Thirst: A Memory Of Being Really, Really Thirsty

Aug 9, 2018

When have you been thirsty? Really thirsty? We’re talking cotton-dry mouth, weak in the knees, with visions of bubbling streams and fountains dancing in your head?

I’ve only been so parched once in my life. The experience keeps me forever grateful for the tasteless and colorless yet vibrant, life-sustaining wonder that is water.

I was a teenager joining my uncle and cousins for the capstone event to our summer of trails. We were hiking King’s Peak, the tallest mountain in Utah that reaches 13,528 feet above sea level. I had packed hiking essentials, including bottled water, enough--I thought--for the day of switchbacks and elevation gain.

Perhaps two-thirds of the way into our ascent, however, my canteen already felt too light and I was withering. We stopped to rest along a smooth, rocky outcrop. My young cousin looked at me.

“I’m thirsty,” he said.

“Mm-hmm,” I responded.

His eager eyes shifted to my canteen hanging on the side of my backpack. My eyes stayed locked on him.

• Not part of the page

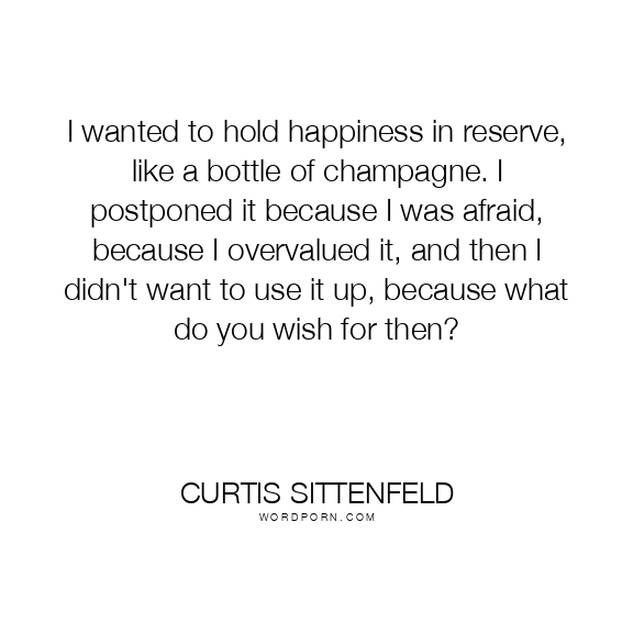 I wanted to hold happiness in reserve, like a bottle of champagne. I postponed it because I was afraid, because I overvalued it, and then I didn't want to use it up, because what do you wish for then?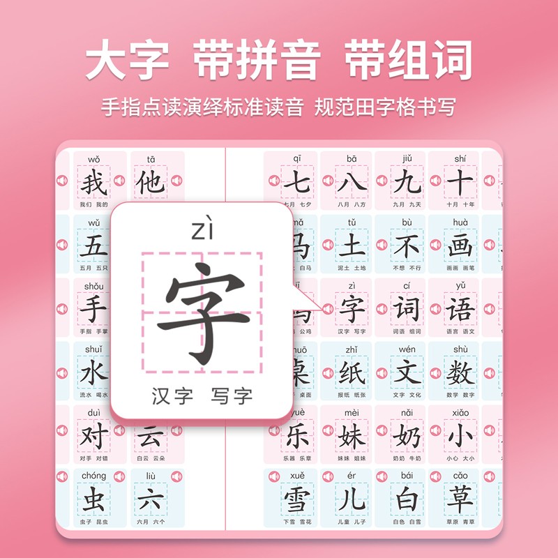 《会说话的趣味识字 1200字》是一本专为3-6岁识字敏感期的孩子量身打造的可以发声的识字书。它让孩子熟悉1200个汉字,全面掌握小学人教版1-3年级识字内容,满足日常学习、生活用语需求,从汉字认知延伸到词语认知,字词巧妙协奏,增强记忆。在本书中,我们将汉字与双面触控的点读技术相结合,提供给孩子一种全新的学习汉字的方法。书中采用标准普通话发音,还设置趣味测试、跟读等模式,让孩子在玩游戏和跟读过程中巩固所学的汉字。

“Can I …,” his voice trailed off. Inside, I heaved a sigh and felt a grumble deep in my gut. Just as quickly, I chided myself for being selfish--he’s just a freckle-faced kid who wants a sip of water! Rationing the rest should see me through the end. “Besides,” I reasoned. “It’s only a sip and my uncle has an emergency water purifier.”

I unscrewed the top and handed him my canteen. I still remember the way he lifted the container and threw his head back, holding the rim just above his lips. Then, he guzzled. I felt my temperature rise with each swallow and watched as small rivulets of water escaped the corners of his mouth, trickling down his cheeks. Finally, he stood and handed me the canteen with water dripping from his chin. It was nearly empty.

We continued on our hike, reaching the summit. However, upon the return, I suddenly found myself alone--with an empty canteen. Somehow I had broken off from the group, but I continued on what I thought was the correct trail. Three hours later, with scratches from mountain scrub oak, I finally stumbled across the trailhead, re-joining my family.

I think I was so dehydrated and embarrassed, my brain struggled to catch up. Instead of demanding a drink, I slumped into the back of the mini-van and stared out the window as we drove home. Water beckoned to me from the passing scenery, teasing me as it spouted from sprinklers and rambled along the ditch. I imagined crawling into the gas station to drink right from the bathroom faucet. I needed water! Not syrupy soda or juice, just pure, fresh hydrogen and oxygen molecules combined in just the right way.

I recall that thirsty day on King’s Peak with gratitude. In fact, my kids and I have a tradition of listing things we’re thankful for when we leave our driveway. This morning, I said, “I’m grateful for clean water--right at our fingertips.”

“You said that yesterday!” they moaned.

That’s right. Yesterday and every day.

This is Jenn Ashton for Bread and Butter.